I've tried to solve it this way:

Since i know all impedances and i don't know the voltage on E1 and E4 and current of Ig5 i thought i should find Thevenin generator for the part of the circuit left from the Z2 (including the branch with Z2) when the switch is off(since then i know the current I1). Impedance of Thevenin generator is Zt=40(2-j)V now i ave circuit with Z1 and Zt in series and two voltage generators which can be replaced with one whose voltage is sum of their voltages. With known current it's easy to determine E(E=E1+Et) and i got E=2V. When the switch is on i have only Zt impedance left, and E which is now known value, so I1'=E/Zt=(100+j50)mA.

So, is this correct and is this valid approach, i mean am i missing something or making mistake somewhere? Any suggestion, advice or correction is welcome.

 

The problem with your approach is that I1 is the current flowing in Z1, but it is NOT the current flowing in Z2, nor is it the current flowing out of your Thevenin equivalent for the left hand side.

I don't follow where you get that Z1 and Zt would be in series or where your two voltage sources could be combined.

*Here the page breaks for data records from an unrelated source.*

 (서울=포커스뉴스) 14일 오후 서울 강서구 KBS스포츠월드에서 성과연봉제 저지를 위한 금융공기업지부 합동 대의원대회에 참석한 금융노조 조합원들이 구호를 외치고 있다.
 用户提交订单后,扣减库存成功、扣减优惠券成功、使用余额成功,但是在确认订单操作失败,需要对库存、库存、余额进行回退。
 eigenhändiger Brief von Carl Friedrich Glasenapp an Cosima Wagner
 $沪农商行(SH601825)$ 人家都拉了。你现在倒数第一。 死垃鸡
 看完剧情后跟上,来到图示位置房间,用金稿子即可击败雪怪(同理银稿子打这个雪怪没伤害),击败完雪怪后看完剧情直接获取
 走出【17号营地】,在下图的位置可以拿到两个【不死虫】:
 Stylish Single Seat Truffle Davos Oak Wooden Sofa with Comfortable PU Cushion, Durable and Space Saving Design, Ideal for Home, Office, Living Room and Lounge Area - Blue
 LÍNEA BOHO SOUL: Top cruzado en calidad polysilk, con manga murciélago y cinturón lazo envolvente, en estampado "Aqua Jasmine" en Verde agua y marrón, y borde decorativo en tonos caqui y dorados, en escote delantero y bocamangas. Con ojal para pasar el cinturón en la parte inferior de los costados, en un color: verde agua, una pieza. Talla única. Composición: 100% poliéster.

It would help a lot if you draw sketches of the transformations you are making instead of just trying to describe them in words.

 

The problem with your approach is that I1 is the current flowing in Z1, but it is NOT the current flowing in Z2, nor is it the current flowing out of your Thevenin equivalent for the left hand side.

I don't follow where you get that Z1 and Zt would be in series or where your two voltage sources could be combined.

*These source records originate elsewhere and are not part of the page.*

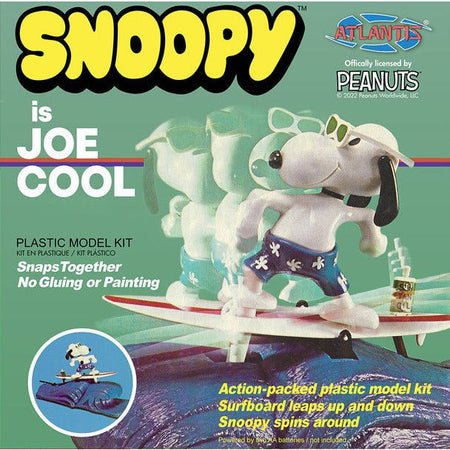 Snoopy is Joe Cool Motorized Snap Model kit. Gangway hodads! Heads up beach bums! Here comes the coolest hot-dogger to ever tame the waves. How cool? JOE COOL! Now you can build Snoopy as Joe Cool- his surfing alter-ego from the Peanuts comic strip, then watch him trick the tides. Awesome board leaps. Thrillin' 360s. He does it all and he does it in wild style. Ditch the glue and paint. Just snap him together, juice him up with battery power, then hang back and watch him do his stuff. Joe Cool is the coolest! This retro plastic model kit is back. Made from the original molds dating to 1973 it is sure to bring back some happy memories. Snaps together without any gluing or painting. Action packed model is battery powered. The surfboard bobs and Snoopy spins around. It is molded in 3 colors, blue, white and black so no painting is needed. Includes pre-wired motor and contacts. Includes easy to apply sticker sheet. Requires 2 AA batteries (not included). Measures 6 inches tall and 10 inches long! 28 parts. Officially licensed with Peanuts Worldwide LLC.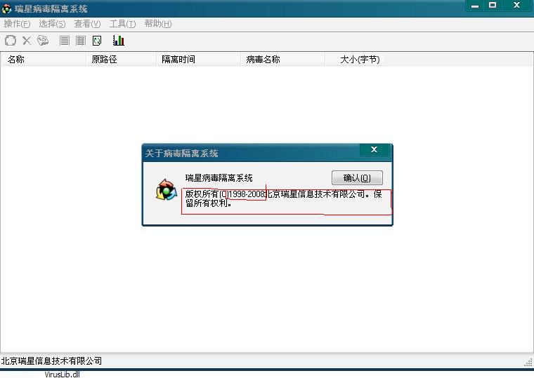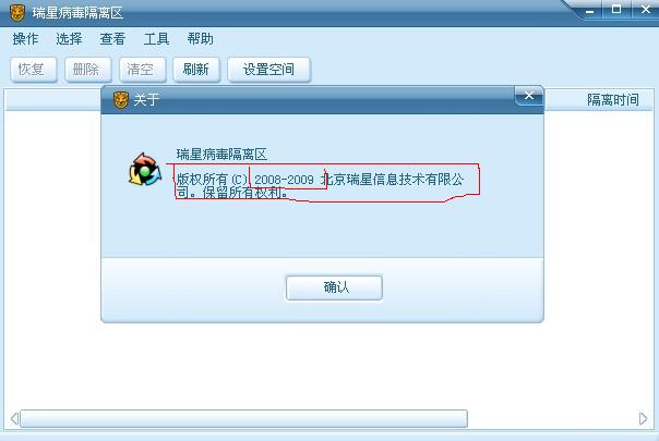 瑞星在线杀毒的病毒隔离系统的关于瑞星都是1998-2008。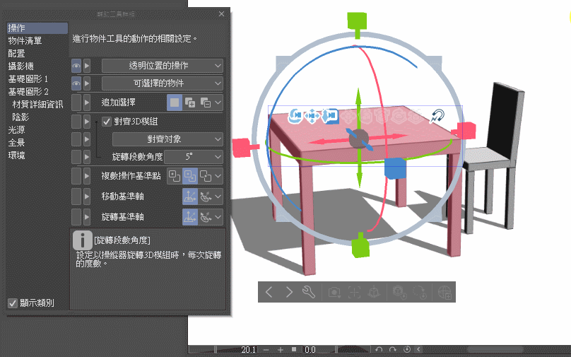 도구 속성 팔레트(Tool Property) 오른쪽 하단의 렌치 아이콘을 클릭하여 보조 도구 상세(Sub Tool Detail) 팔레트를 엽니다.작업 카테고리에서 여러 개체용 피벗 점(Pivot point for multiple objects)을 찾을 수 있습니다.기본값인 "중앙에 각각의 원점"을 다른 옵션으로 변경합니다."처음 선택한 개체" 또는 "여러 개체의 중간 지점"을 선택하면 테이블을 구성하는 블록을 전체적으로 함께 확대/축소할 수 있습니다.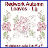 Design pack contains five vintage redwork autumn leaves designs, all smaller than 5 x 7 inches.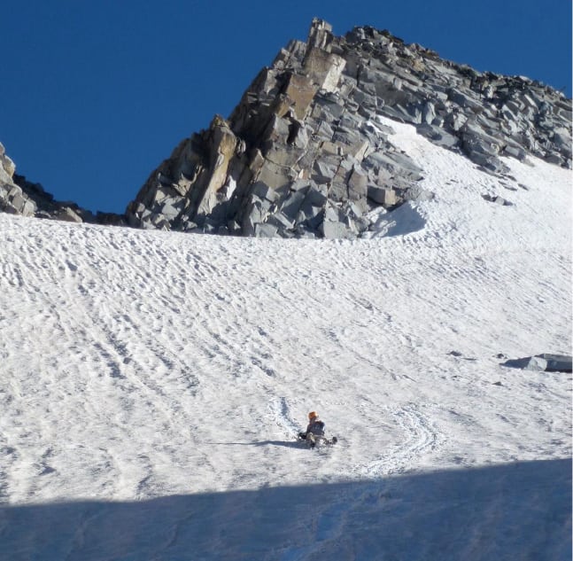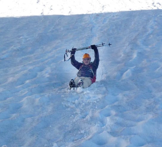 Finally I got to use my ice axe for arresting the speed of the descent, although it was barely needed in these perfectly-pitched slopes.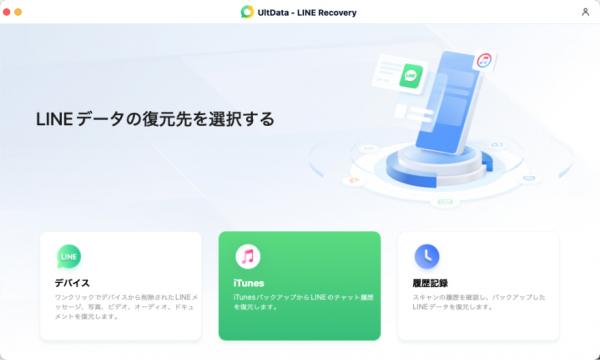 1.UltData LINE Recoveryを開き、まず「iTunes」を選択します。
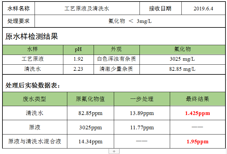 除氟劑廠家,除氟劑使用之案例介紹,除氟劑廠家關(guān)于氟化物的降低可提供高效除氟劑的使用、調(diào)試、培訓(xùn)等一系列整體方案,為企業(yè)解決真正的污染難題,使污水達(dá)標(biāo)排放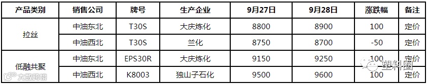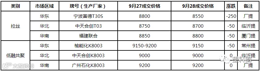 拉丝主流价格在8500-8900元/吨不等,低融共聚主流价格在9000-9980元/吨不等。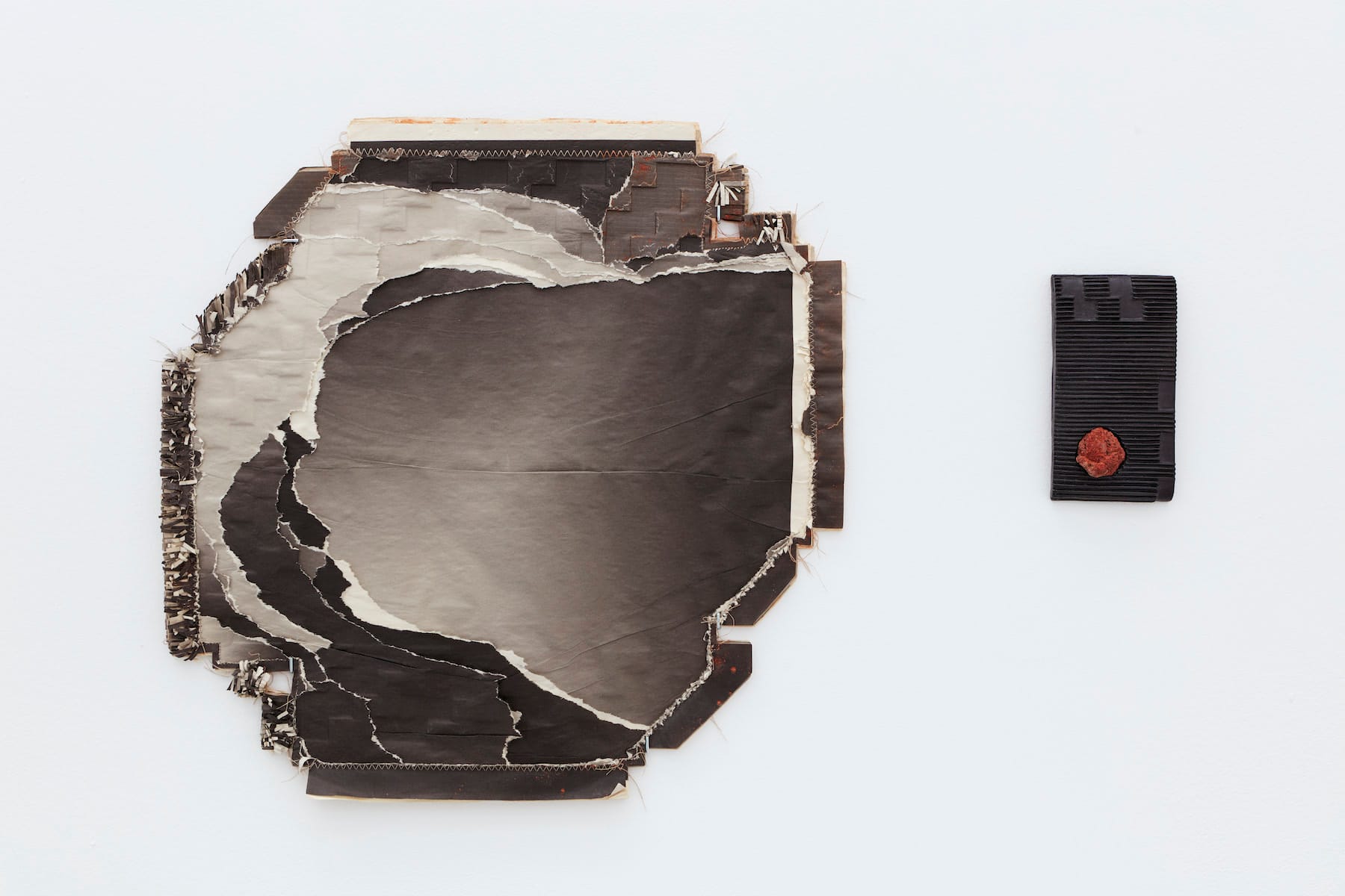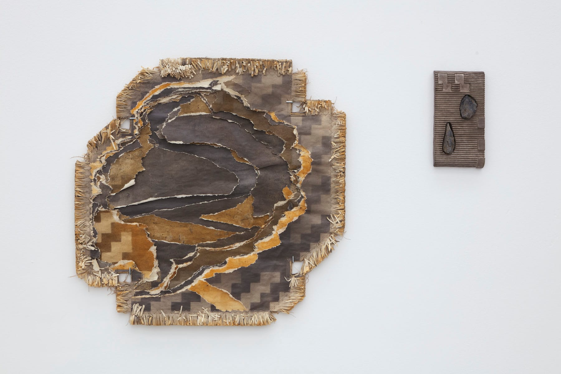 The works in the exhibition are born from Sasraku’s engagement with Dartmoor — the huge moorland in Southwest England near where she grew up — and the Scottish Highlands, the site of a recent residency. To create her Terratypes, she begins by rubbing blank newsprint with pigments derived from raw materials she forages from these landscapes, such as ochre, graphite, and manganese. She then binds together multiple layers of the newsprint with an industrial sewing machine, creating a stitched seam around the edge. Next, she soaks the sutured stacks of paper in a body of water, such as a boggy pool. Finally, the layers are torn away in strips and manipulated to create abstract patterns and areas of contrast.

It would help a lot if you draw sketches of the transformations you are making instead of just trying to describe them in words.

Ok, this is what i meant:

So thevenin generator includes all elements of the circuit except E1 and Z1 which means that circuit after implementing thevenin's theorem looks like this:

 

That helps a lot. From your verbal description it sounded like you were finding the Thevenin circuit for E1, Z1, and Z2 since you said that it was for the part of the circuit LEFT of (and including) Z2.

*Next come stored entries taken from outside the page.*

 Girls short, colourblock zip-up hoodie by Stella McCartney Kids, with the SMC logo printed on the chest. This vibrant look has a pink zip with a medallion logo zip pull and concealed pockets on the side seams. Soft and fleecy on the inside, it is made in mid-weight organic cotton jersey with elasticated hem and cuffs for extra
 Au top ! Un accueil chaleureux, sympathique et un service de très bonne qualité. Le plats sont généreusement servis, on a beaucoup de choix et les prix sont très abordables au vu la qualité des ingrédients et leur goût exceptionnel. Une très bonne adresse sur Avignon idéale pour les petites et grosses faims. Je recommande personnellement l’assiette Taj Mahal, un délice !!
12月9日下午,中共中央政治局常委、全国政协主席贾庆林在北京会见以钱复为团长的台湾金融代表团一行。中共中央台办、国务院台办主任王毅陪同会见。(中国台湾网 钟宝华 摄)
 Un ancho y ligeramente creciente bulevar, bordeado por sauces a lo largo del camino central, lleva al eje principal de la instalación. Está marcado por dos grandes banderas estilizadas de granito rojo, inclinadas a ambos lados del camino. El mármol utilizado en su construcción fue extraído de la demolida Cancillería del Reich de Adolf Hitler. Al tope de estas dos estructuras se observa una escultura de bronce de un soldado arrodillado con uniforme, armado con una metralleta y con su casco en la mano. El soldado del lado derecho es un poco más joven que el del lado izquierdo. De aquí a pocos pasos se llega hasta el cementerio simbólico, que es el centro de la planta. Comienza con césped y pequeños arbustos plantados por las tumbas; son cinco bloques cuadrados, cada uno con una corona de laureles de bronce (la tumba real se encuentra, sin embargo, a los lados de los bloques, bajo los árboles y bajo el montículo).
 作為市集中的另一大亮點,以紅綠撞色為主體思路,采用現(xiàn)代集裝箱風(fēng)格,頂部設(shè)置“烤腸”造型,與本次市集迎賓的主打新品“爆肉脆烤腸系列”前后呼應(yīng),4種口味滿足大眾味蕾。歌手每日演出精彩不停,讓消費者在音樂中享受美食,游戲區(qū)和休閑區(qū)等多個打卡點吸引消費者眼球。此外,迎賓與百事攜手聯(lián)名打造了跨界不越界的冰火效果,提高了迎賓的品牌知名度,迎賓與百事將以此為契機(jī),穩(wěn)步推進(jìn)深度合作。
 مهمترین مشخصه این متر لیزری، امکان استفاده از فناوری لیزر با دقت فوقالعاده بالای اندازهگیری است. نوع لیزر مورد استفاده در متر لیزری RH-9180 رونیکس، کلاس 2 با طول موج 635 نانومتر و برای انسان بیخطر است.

I'll try to look at it later. Got stuff I've got to do right now.

 

Cdummie, your approach seems valid, but I haven't checked the math on your actual answer.
Regards

 

Cdummie, your approach seems valid, but I haven't checked the math on your actual answer.
Regards

Thank you, that's what i needed to know, even if i made some math mistakes they can be fixed, more important thing is that approach is good, thanks again!